Call Variants with SAMtools
This process uses SAMtools/BCFtools (version 0.1.12) to call SNPs/INDELs from BAM files, generating VCF (variant call format) files as output. You can then import the VCF files into a SAS data set.
Important : Before running this process, you must download SAMtools from http://samtools.sourceforge.net/ and save the executable files under the folder C:\Program Files\SASHome\JMPGenomics\12\Genomics\ThirdPartyAnnotation\NextGen.
Note : This process is considered experimental .
What do I need?
To run this process, you need the following input data:
One or more Files for Variants Call . These must be Compressed Binary Sequence Alignment Map ( BAM ) files with extension “ .bam ”. An example is the NA18507_maq.bam file (not shown), found in the JMP Genomics LifeSciences\Sample Data\Next-Gen\ folder.
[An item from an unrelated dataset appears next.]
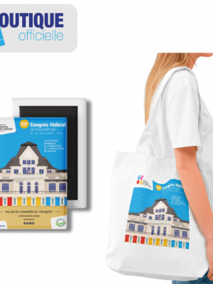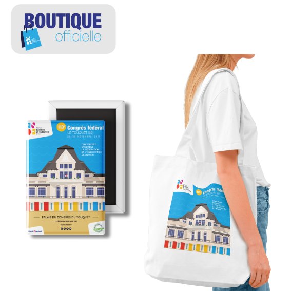 Profitez d'un duo exclusif rassemblant les deux indispensables du Congrès fédéral 2025 : le tote bag édition spéciale orné de l'affiche officielle de l'année et le magnet assorti, parfait pour conserver un souvenir durable de l'événement.
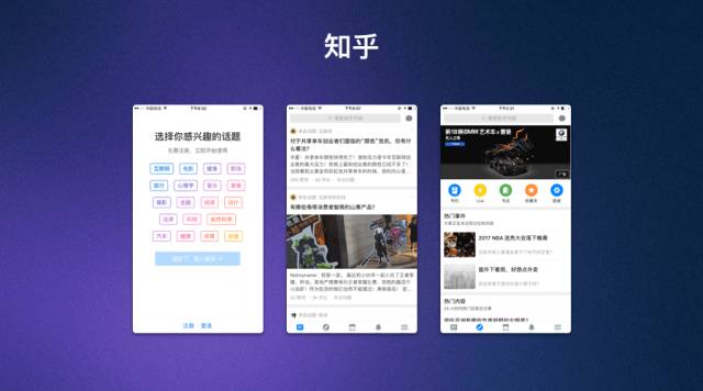 知乎的Logo是藍色,代表了高科技、智能、可靠(開課吧也是藍色)。特別在首頁,用黑白灰表現(xiàn)出簡潔、質感,讓內容沉淀在頁面里。這樣就很好地表現(xiàn)出這款產品的定位:高品質內容問答社區(qū)。

A Reference File . This file must contain a FASTA -formatted Reference Sequence, and have an extension of “ .fa ”. An example is the NA18507.fa file, found in the JMP Genomics LifeSciences\Sample Data\Next-Gen\ folder, and is shown below.
For detailed information about the files and data sets used or created by JMP Life Sciences software, see Files and Data Sets .
Output/Results
The output data sets generated by this process are listed in a Variants Call Message window. Refer to the Call Variants with SAMtools output documentation for detailed descriptions.